#### Records for the task ####
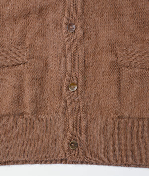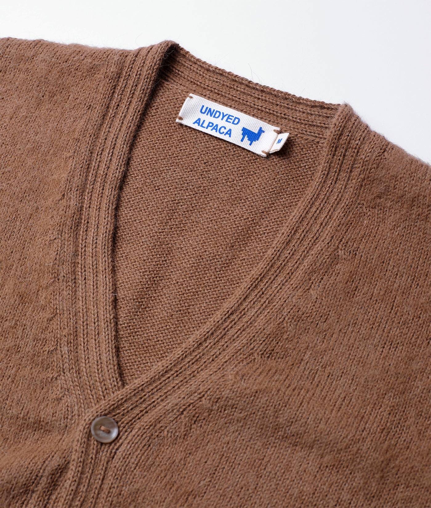 The IOAN Alpaca Cardigan is made from 100% alpaca fiber by a Bolivian co-op of farmers, manufacturers, and knitters. This hypoallergenic sweater is finished with genuine horn buttons and knit in a classic cardigan fit. The production of this ultra soft, medium-weight cardigan sweater supports the local lifestyles, craftsmanship, and the future of this community. This garment is undyed and the color of the fibers comes completely from the superfine, natural hairs of the alpaca that are transformed into yarn for artisans to knit.
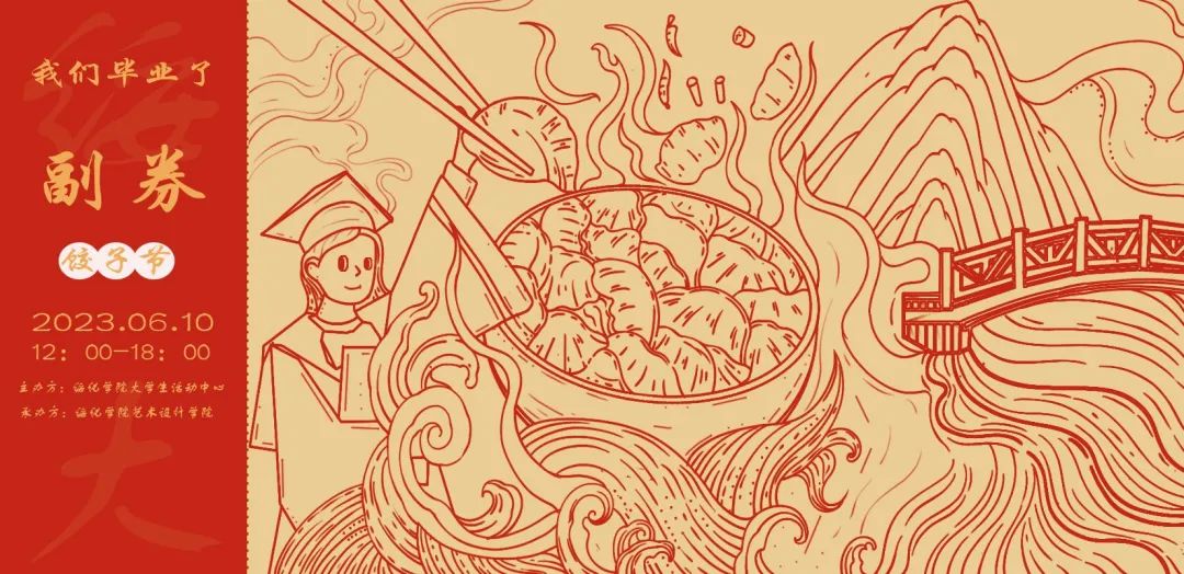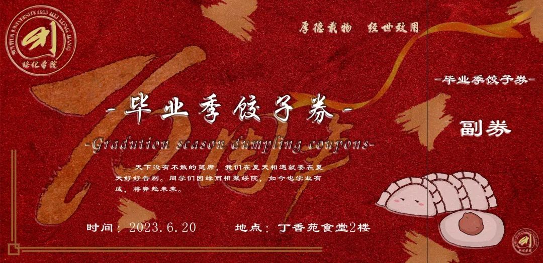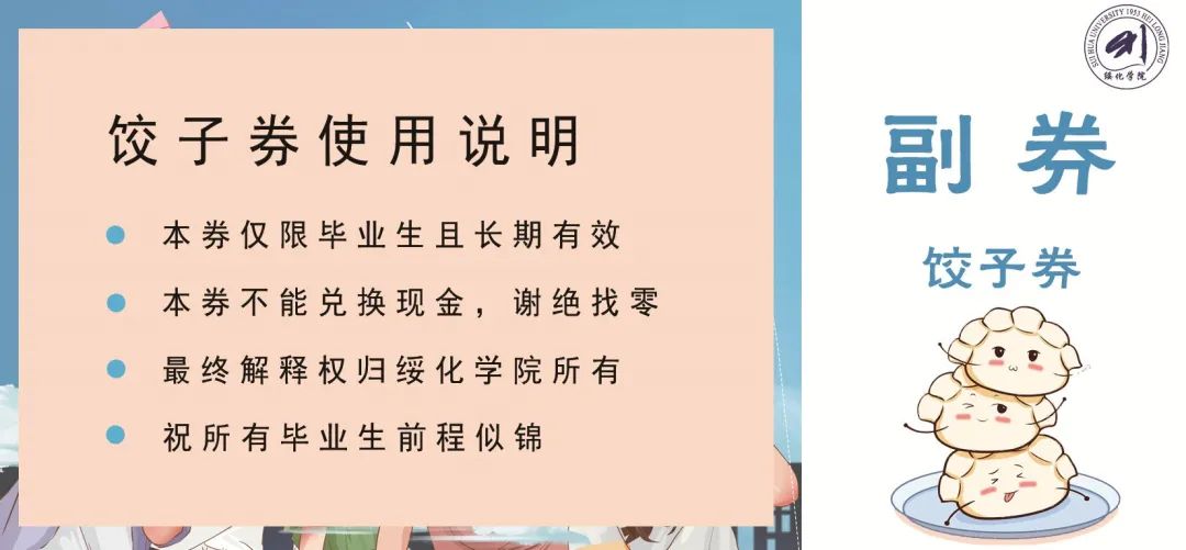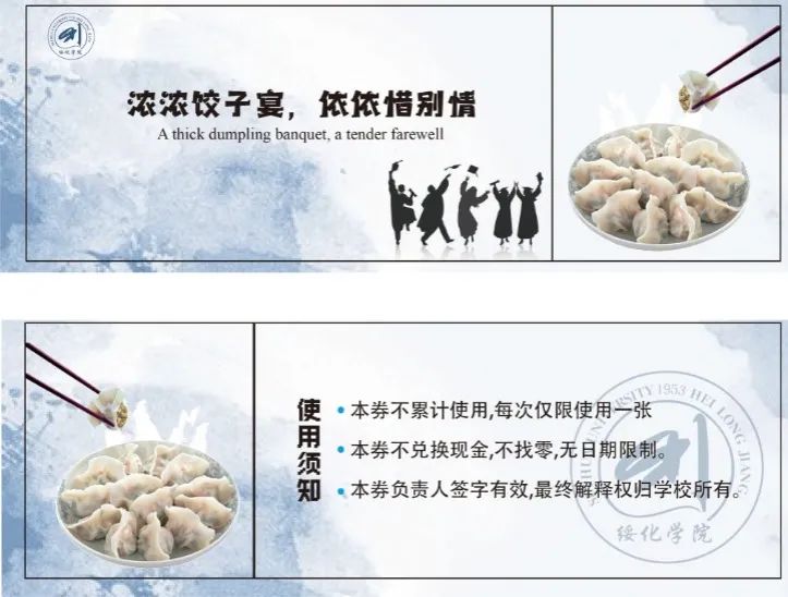 背景采用了水墨画风格,跟校徽的颜色相呼应。校徽放在左上角,右下角放了员工毕业丢毕业帽的剪影照,表示毕业季即将来临。同时也形成了对角线构图,起到平衡稳定画面的作用。副券比较简洁明了,就是饺子的图片,代表这是饺子券。反面就是写使用饺子券的文字说明,然后将校徽放大降低透明度,形成一个水印logo。
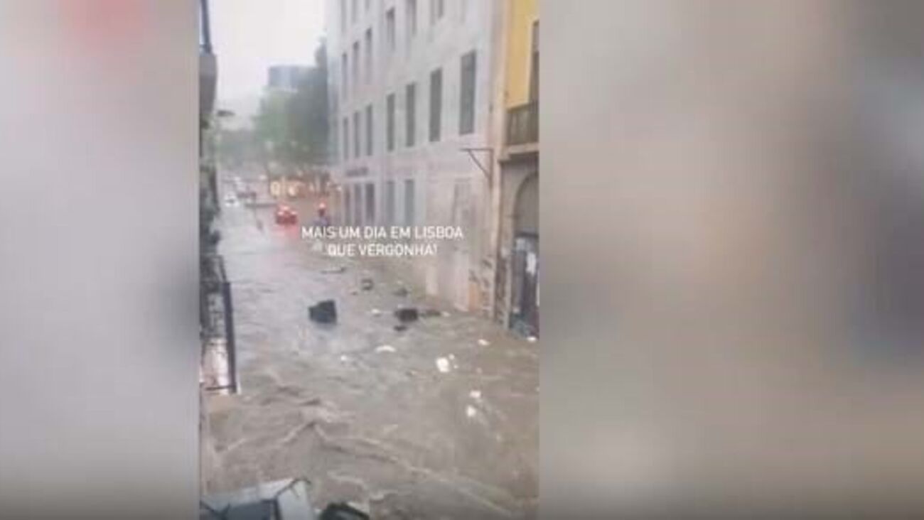 A rua das Pretas em Lisboa voltou a inundar devido ao mau tempo. Vários caixotes foram arrastados pela força da água, que dificultou a circulação dos carros.
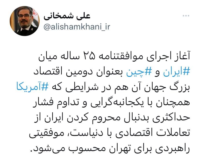 علی شمخانی در توییتی نوشت: آغاز اجرای موافقتنامه ۲۵ ساله میان ایران و چین به عنوان دومین اقتصاد بزرگ جهان آن هم در شرایطی که آمریکا همچنان با یکجانبهگرایی و تداوم فشار حداکثری بدنبال محروم کردن ایران از تعاملات اقتصادی با دنیاست، موفقیتی راهبردی برای تهران محسوب میشود.
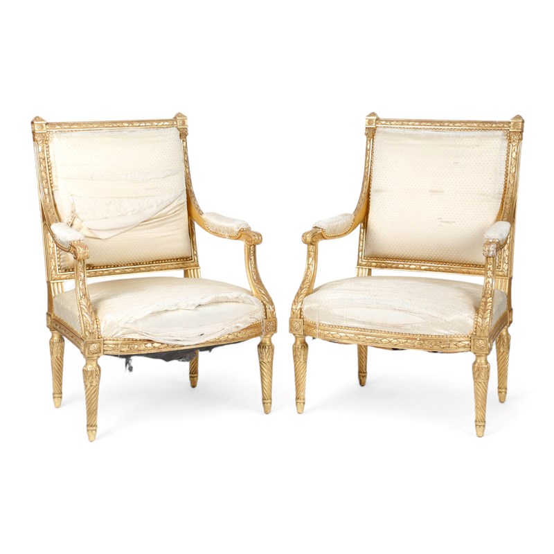 each with a padded back, seat and armrest covered in ivory silk, the frame decorated with laurel leaves, acanthus and paterae (2)
####
### Aim of the exercise
Exact lines, nothing more: output the one with "A rua das Pretas" and every later line through the end of the data, skipping pictures.

### Task response
 A rua das Pretas em Lisboa voltou a inundar devido ao mau tempo. Vários caixotes foram arrastados pela força da água, que dificultou a circulação dos carros.
 علی شمخانی در توییتی نوشت: آغاز اجرای موافقتنامه ۲۵ ساله میان ایران و چین به عنوان دومین اقتصاد بزرگ جهان آن هم در شرایطی که آمریکا همچنان با یکجانبهگرایی و تداوم فشار حداکثری بدنبال محروم کردن ایران از تعاملات اقتصادی با دنیاست، موفقیتی راهبردی برای تهران محسوب میشود.
 each with a padded back, seat and armrest covered in ivory silk, the frame decorated with laurel leaves, acanthus and paterae (2)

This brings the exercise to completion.